Reinforcement Learning Tutorial with Open AI Gym

Abhinav Sagar

This blog is the Part-1 of the series. I wish to make as many blogs as possible on this subject as it is one of my favourites. So yeah, let’s get started.

According to Wikipedia, Reinforcement learning (RL) is an area of machine learning concerned with how software agents should take actions in an environment so as to maximize some notion of cumulative reward. In recent years, we’ve seen a lot of improvements in this fascinating area of research. Examples include DeepMind and the Deep Q learning architecture in 2014, beating the champion of the game of Go with AlphaGo in 2016, OpenAI and the PPO in 2017, amongst others.

In this article I will be implementing cross-entropy method with OpenAI Gym’s MountainCarContinuous environment. OpenAI Gym is a toolkit for developing and comparing reinforcement learning algorithms. I will be using pytorch library for the implementation.

  1. gym
  2. matplotlib
  3. numpy
  4. pytorch
  5. jupyter-notebook
Reinforcement Learning environments

A car is on a one-dimensional track, positioned between two “mountains”. The goal is to drive up the mountain on the right; however, the car’s engine is not strong enough to scale the mountain in a single pass. Therefore, the only way to succeed is to drive back and forth to build up momentum.

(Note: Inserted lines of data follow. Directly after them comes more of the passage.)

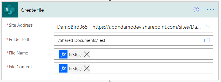 Next, we must save the attachment to SharePoint or OneDrive. In this instance, I have chosen SharePoint. I have also assumed that the email will only contain one attachment. This is to prevent an unnecessary Apply to Each loop. I have therefore used the first() expression in order to retrieve the first object from the name attachments array. These expressions are as per below.
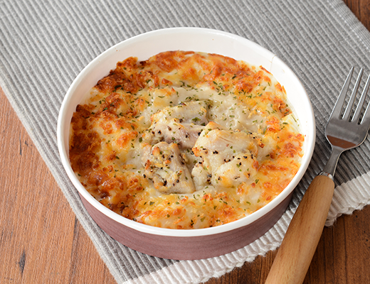 ホワイトソースとポルチーニクリームソースの組み合わせを楽しむチキングラタン。 |
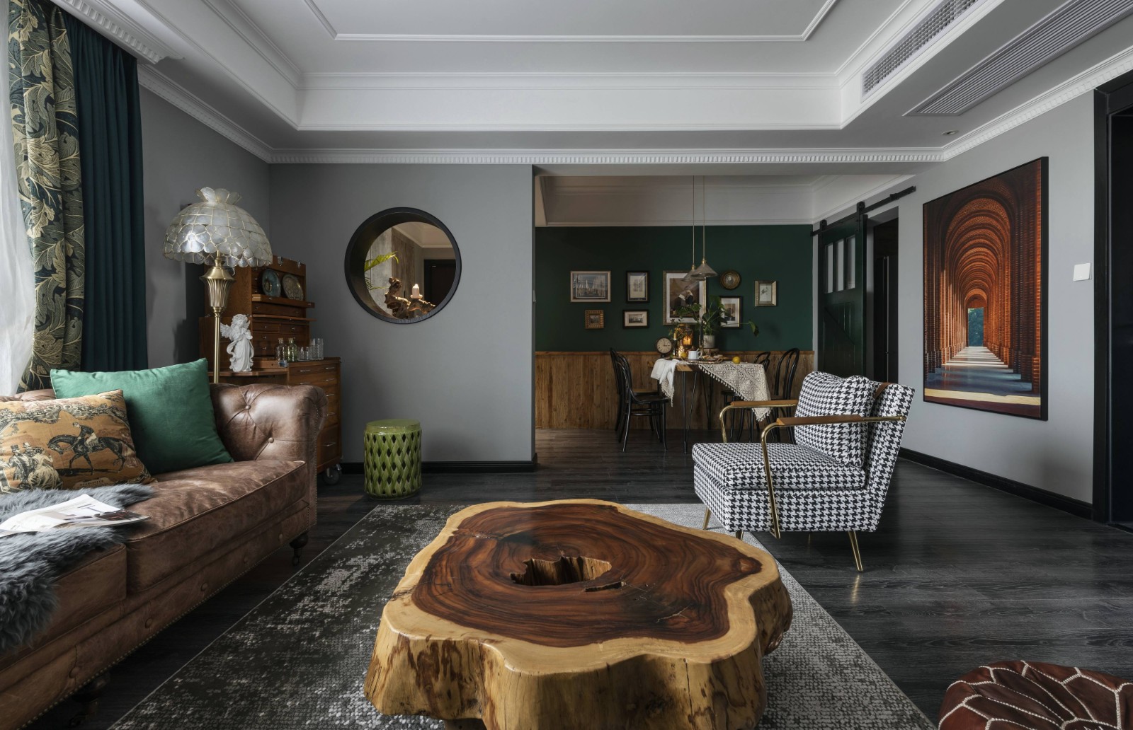 餐厅以暖色老木板与深绿色进行冷暖强烈对比,自然光影与氛围灯光交相呼应
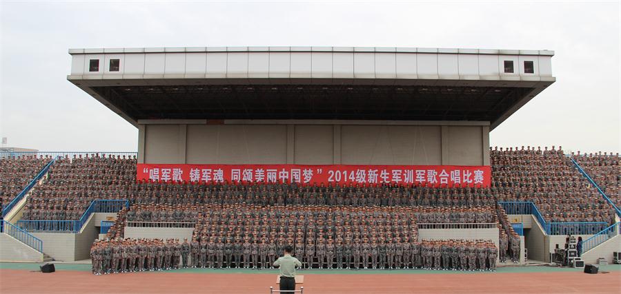 为加强爱国主义教育,深入开展“我的中国梦”系列活动,弘扬社会主义核心价值观,增强当代大学生集体荣誉感,10月15日下午,太阳官网2014级学生“唱军歌、铸军魂、同颂美丽中国梦”军歌合唱比赛在朝阳校区田径场举行。学校党委书记张金安,院长丁德科,党委副书记赵伏友,副院长王君龙,纪委书记任健,党委委员、组织部部长杨小渭及学校国防工作教育领导小组成员单位领导出席并观看了合唱比赛。
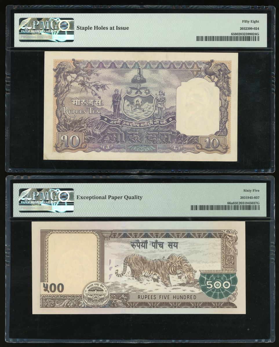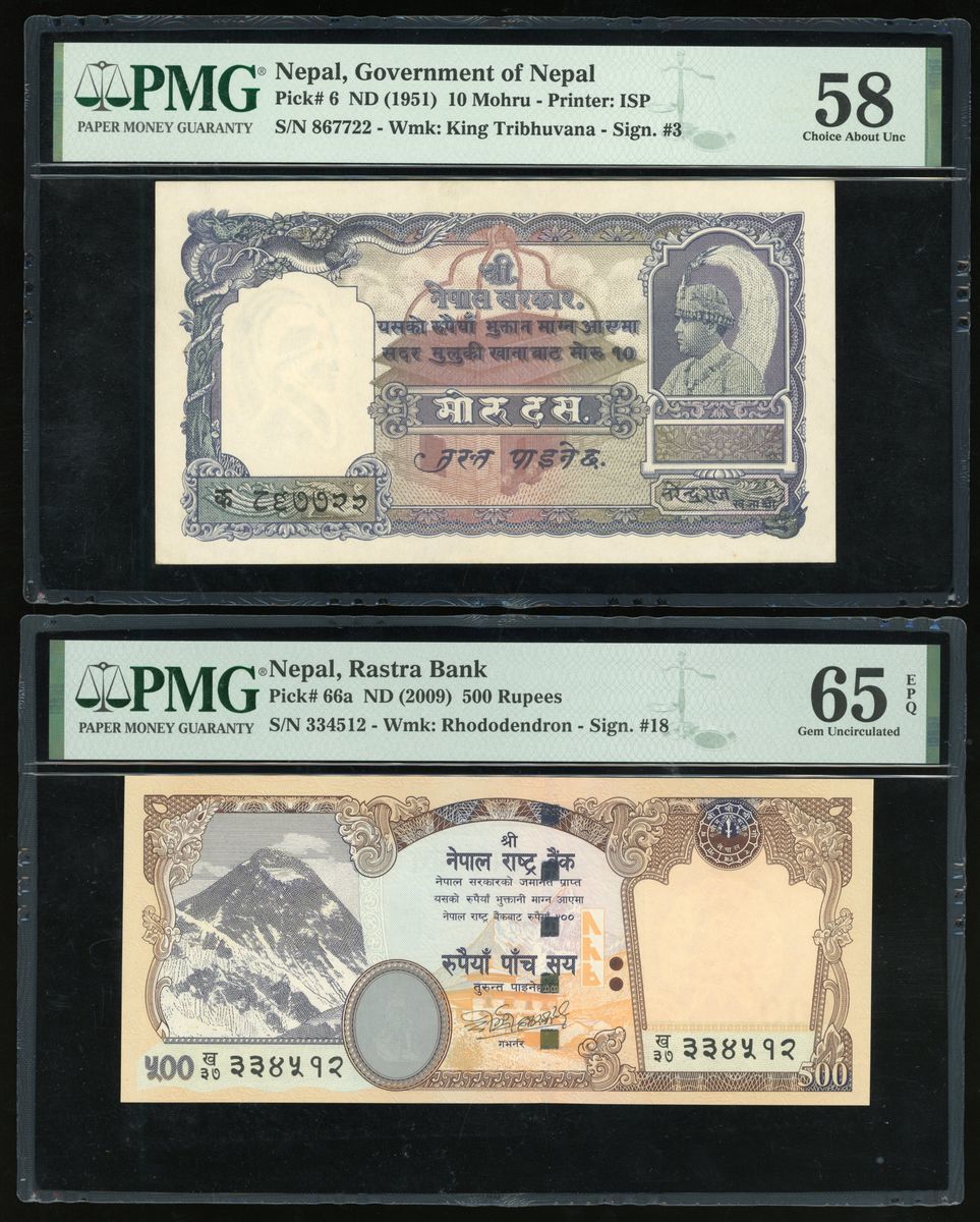 Nepal, a pair of notes, consists of Government of Nepal, 10 mohru, no date (1951) and Rastra Bank, 500 rupees, no date (2009), serial numbers 867722 and 334512, (Pick 6 and 66a), graded PMG 65EPQ and 58(Staple Hole as Issue) respectively (2)
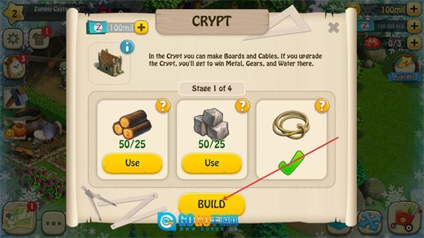 4、放置操作完成后,点击尚未完工的建筑,查看并获取所需的材料,随后点击BUILD按钮来执行建造步骤。

Let’s get started with the code. Feel free to use the source code from the corresponding notebook here.

I started with importing the libraries and dependencies.

Next I created the MountainCarContinuous environment. I created a class for representing the agents initialized with the environment and hidden layer size. This class has functions for setting weights, getting weights, implementing feed forward neurons and for evaluating the performance of the agent.

Then I created a function for implementing cross entropy method. Feel free to refer to the code for the parameters and their meaning in comments. I trained the agents for maximum 500 iterations printing the rewards received after every 10 iterations.

Let’s see the result. Woah! The agent has learnt a fairly good policy in just 47 iterations. As we can see the the rewards received initially were quite low, in fact it was negative. As the training progresses the rewards increase until the model has converged. The average score at the end of 47 iterations is 90.83.

Score vs Episode

I think implementing cross entropy method should be a good starting point for someone starting out with reinforcement learning. In the next part I will be implementing OpenAI Gym’s Bipedal Walker environment using Deep Deterministic Policy Gradient (DDPG) algorithm.

The corresponding source code can be found here.

Happy reading, happy learning and happy coding.